It felt good last night when I admitted that I used to have a crush on Joe Pesci. Maybe it was The Super, but more likely it was My Cousin Vinny. I could never pin down the reason. All I know is, my expectations can't possibly be that high. A short, chubby, balding guy with a New York accent and a heart of gold? That was my dream date.
In reality that translated to a cab driver.
Admittedly, my taste has progressed. But not by much.
I still maintain crushes on the following: Sam Waterson (in his Great Gatsby days and a smidgen of his "Law and Order" days), Eddie Izzard (a transvestite comedian}, Anthony Perkins (Psycho star later rumored to be homosexual), and Chuck Palahniuk (author extraordinaire).
I never really questioned my taste, because, by comparison, my roster of weirdoes seemed inexplicably tame. When I was in fifth grade, there was a girl in my class named Valerie MacGuyver. That wasn't actually her surname, but she insisted that she and the famous television character had eloped over the summer break, confirming their nuptials in Hawaii. She spoke about his detective exploits as if she were present while he fashioned dynamite from a match and a stick of gum. On her essay headings she would write Mrs. Valerie MacGuyver until my teacher refused to accept her homework. She ended up dating a kid named Cosmo who had cold sores on his lips.
But the thing about expectations is they don't apply to crushes. You have feelings for someone who is completely unattainable, feelings that are completely superficial, loyalty to their work instead of any tangible personality. So I know that just because I thought Joe Pesci was dreamy, doesn't mean that I am going to settle down with a real life substitute. I fall for characters and words. In high school, I wanted to marry Dennis Miller. I religously watched his HBO show, and fell in love with his smart-ass remarks.

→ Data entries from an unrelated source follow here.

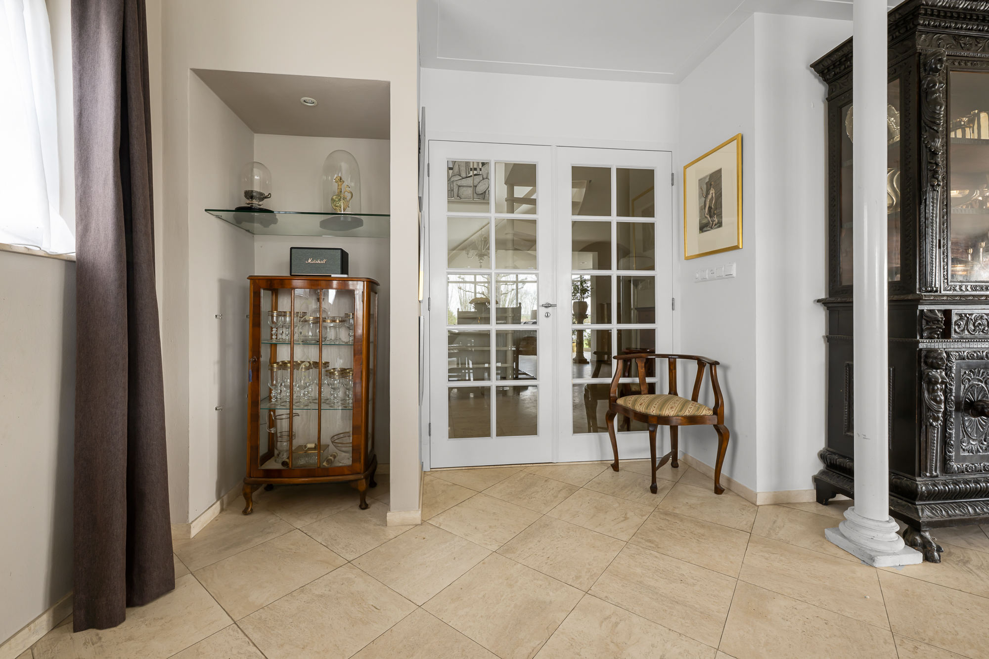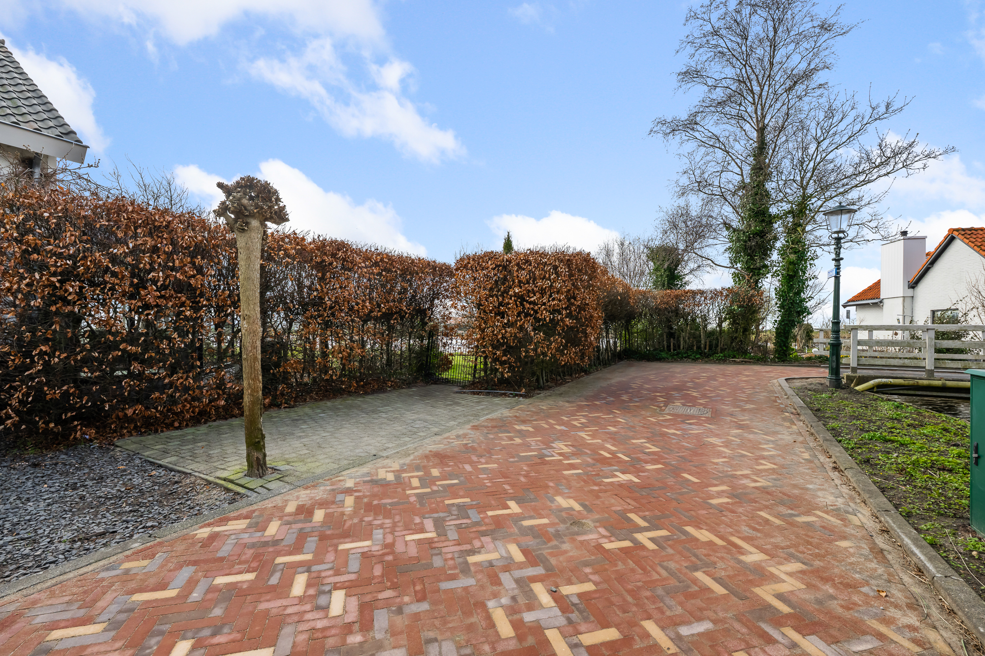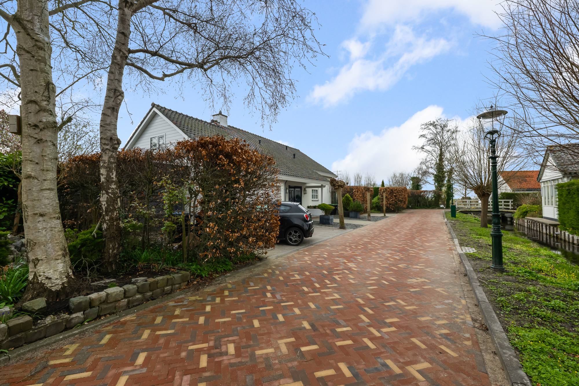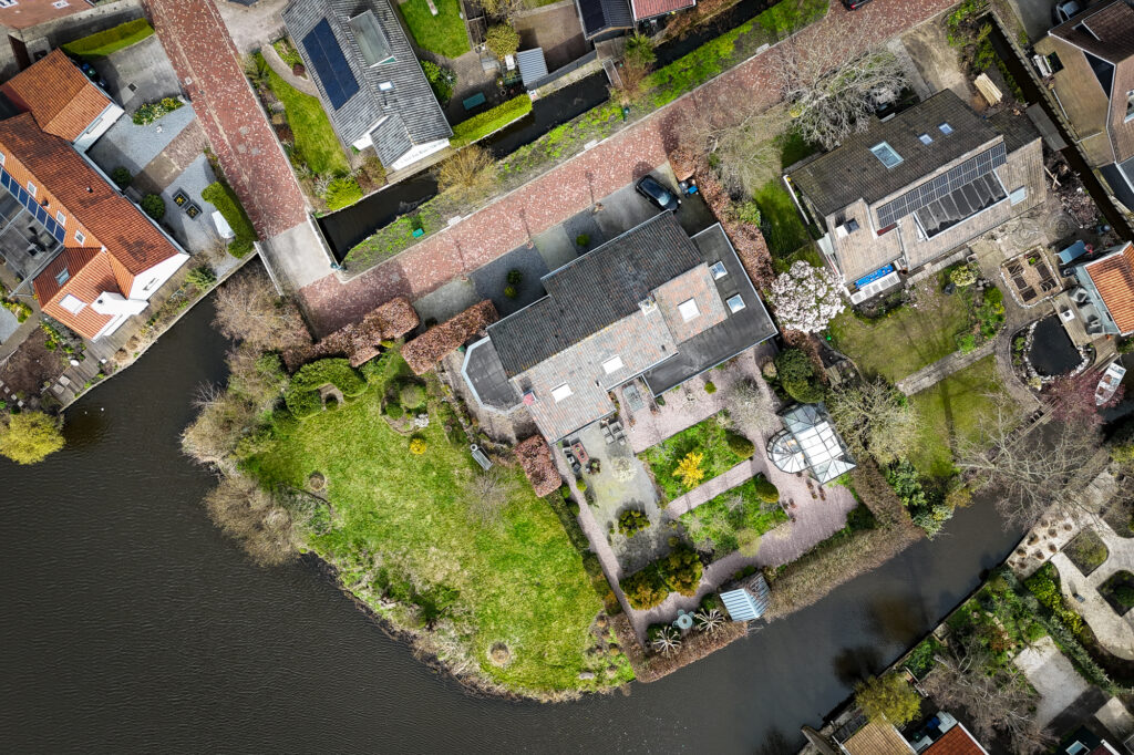 Zodra je aankomt, merk je direct de ruimte. De brede oprit biedt plek voor meerdere auto’s en geeft toegang tot de diverse garages. Ideaal als je hobby’s hebt, extra opslag zoekt of gewoon graag de ruimte hebt. De groene omgeving en de ligging aan het water maken het plaatje compleet.
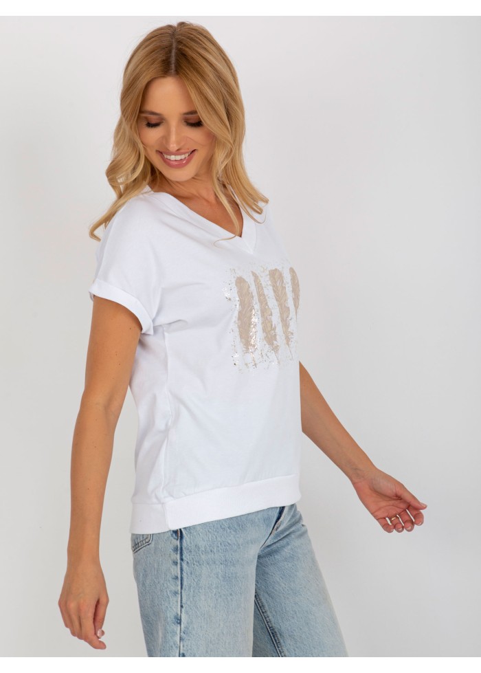 Dámske tričko s potlačou, výstrih do v, krátky rukáv, voľnejsí strih, lém na spodnej časti, modelka má na sebe veľkosť s/m, miery modelky: výška 175 cm, prsia 84 cm, pás 65 cm, boky 92 cm., rozmer produktu meraného na plocho, vo veľkosti s/m:, šírka pod plecami: 54 cm, celková dĺžka: 62 cm.
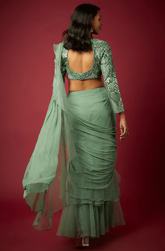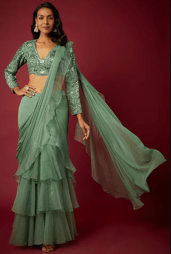 Sage Green Organza & Chiffon Ruffled Saree Set
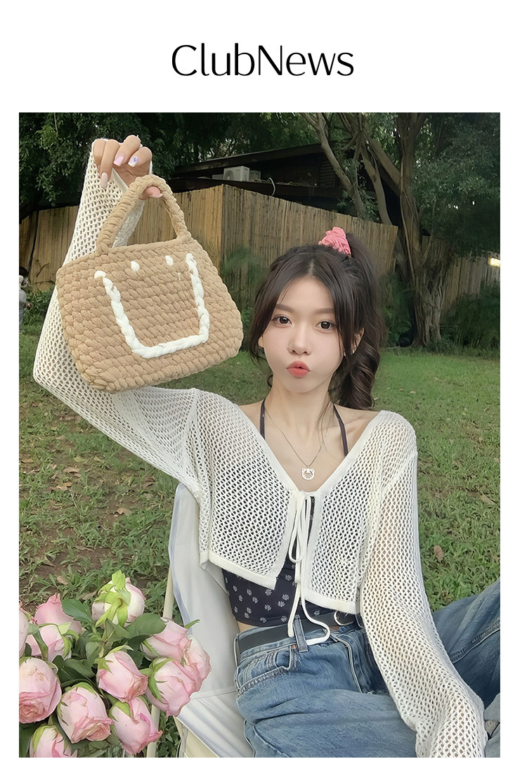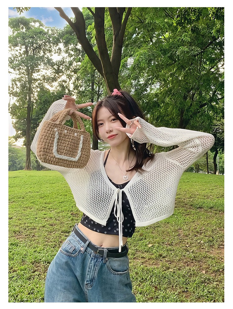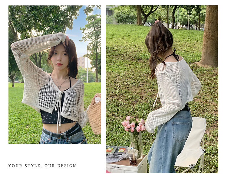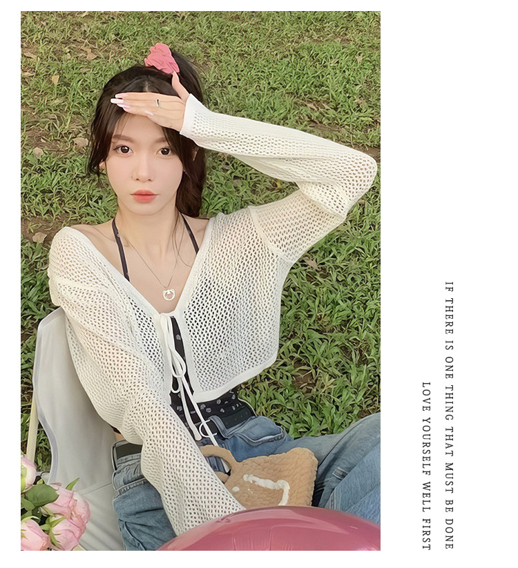 商品名称:V领薄款镂空空调衫女百搭优雅甜美长袖针织外套 234307
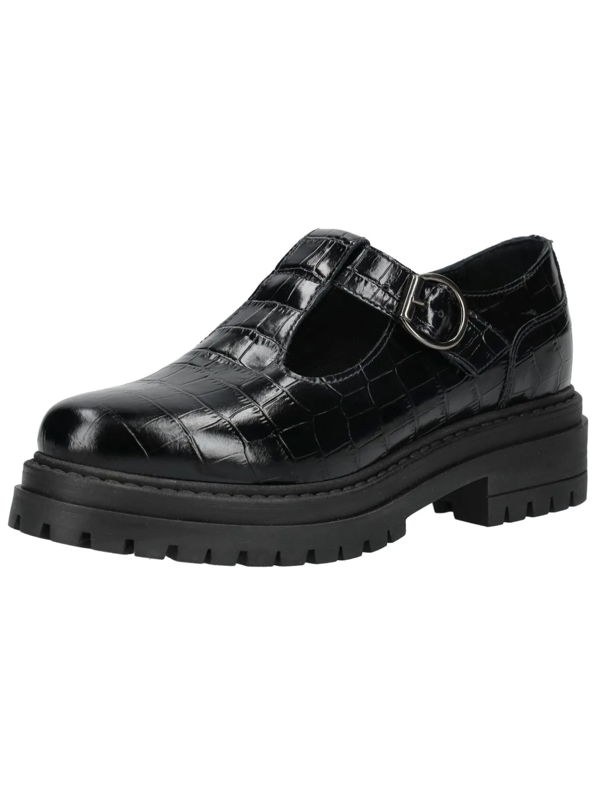 Design: Profielzolen; Type sluiting: Gesp; Type hak: Blokhak; Materiaal: Leer; Motief: Effen; Materiaal: Glad leer; Schoenneus: Ronde neus; Extra’s: Op staal naden, Reptile look; Hakhoogte: Middelhoge hak (3-7 cm)
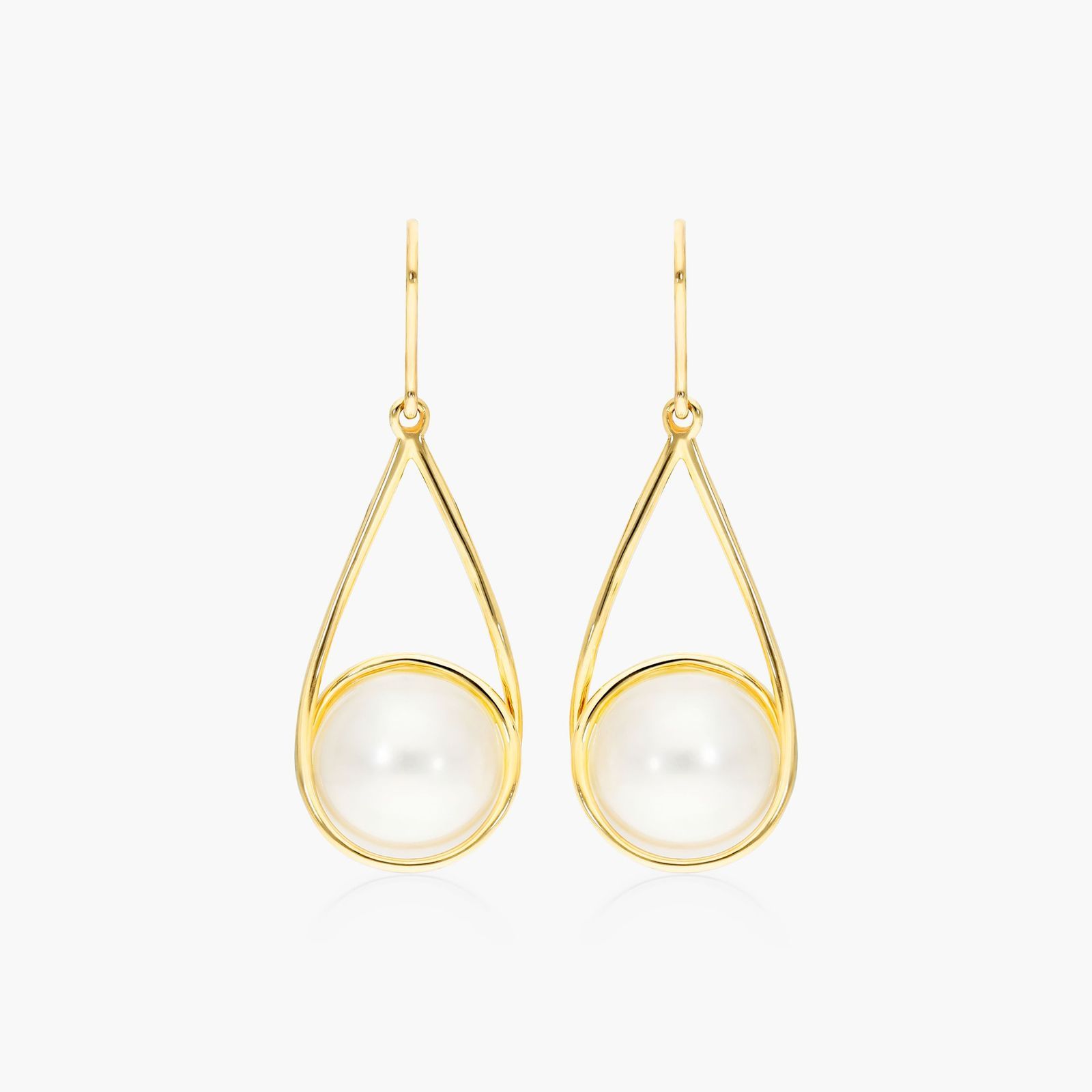 In this gracefully minimal design, a simple 14K yellow gold wire wraps around 9.5-10.0mm freshwater pearls to create this swirling drop earring design.

I will never understand these girls who think that Ashton Kutcher is hot. He's a bumbling fool with an aesthetically pleasing face. Or these boys that drool over Pamela Anderson. She's a human bag filled with plastic. There are plenty of bodies everyday in classes, at work, at the mall that attain some facsimile of perfection. Crushes are produced from a dream, a spark, and a set of traits that exist in such a fashion as to make them instantly appealing.
Not just from a face, a chest, or a pair of legs.